Wednesday, June 09, 2004

Bush is No Reagan: Getting Reagan Wrong

"Ronald Reagan himself wouldn't recognize the Ronald Reagan today's conservatives are peddling. Back in the day, he could vex the right as well as the left. As we rewrite the late Gipper into our history books, the pundits claim Dubya to be Reagan's political heir.
But they're only half right. Bush the Lesser emulates Reagan's weaknesses, while discarding his virtues. Reagan's chief virtue is that he was never as naive or as stubborn as George W. Bush.
Today's GOP is the party of all tax cuts, all the time. The current administration has cut taxes every year since they came to power, promising more of the same. According to Dick Cheney, "Reagan proved that deficits don't matter." But Reagan himself might beg to differ.

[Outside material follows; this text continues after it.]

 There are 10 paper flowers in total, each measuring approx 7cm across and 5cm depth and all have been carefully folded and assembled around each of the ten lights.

As bad as Reagan's deficits were, they'd have been much worse if he hadn't had the sense to realize when he'd made a mistake. Government revenues fell sharply following his 1981 tax cut--exactly the opposite of what "supply-side economists" had predicted. So Dutch signed a bill that repealed fully a third of the original cut.
Reagan, in fact, raised taxes four times in his first term alone. That includes the largest tax increase in history. Republicans like to claim that title for Bill Clinton's 1993 tax bill, but if you use constant dollars, Ron's 1983 package comes out ahead. Of course, Clinton raised taxes for the wealthy and then later cut taxes on working folks, while Reagan did just the op! po! site.

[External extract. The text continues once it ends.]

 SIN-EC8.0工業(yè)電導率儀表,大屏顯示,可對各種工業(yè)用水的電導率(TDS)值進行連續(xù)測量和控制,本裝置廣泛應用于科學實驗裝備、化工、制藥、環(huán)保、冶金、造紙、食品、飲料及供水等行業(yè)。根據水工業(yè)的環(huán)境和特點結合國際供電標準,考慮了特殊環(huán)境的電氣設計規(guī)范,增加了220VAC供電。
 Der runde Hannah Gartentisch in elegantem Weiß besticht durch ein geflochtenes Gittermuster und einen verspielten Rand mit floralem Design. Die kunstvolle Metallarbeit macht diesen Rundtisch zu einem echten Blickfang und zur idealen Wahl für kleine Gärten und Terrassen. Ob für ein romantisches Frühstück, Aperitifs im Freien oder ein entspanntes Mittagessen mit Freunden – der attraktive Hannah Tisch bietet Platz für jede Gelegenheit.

After his initial tax cuts heavily favored the wealthy, Reagan signed off on a regressive payroll tax increase that plugged the actuarial hole in the Social Security program. As a result, the trust fund is solvent until the year 2042, but 80% of the population pays more in payroll taxes than in income taxes. The Reagan administration was then able to mask the true size of their deficits by borrowing from the Baby Boomers' retirement funds--just as Bush is doing today."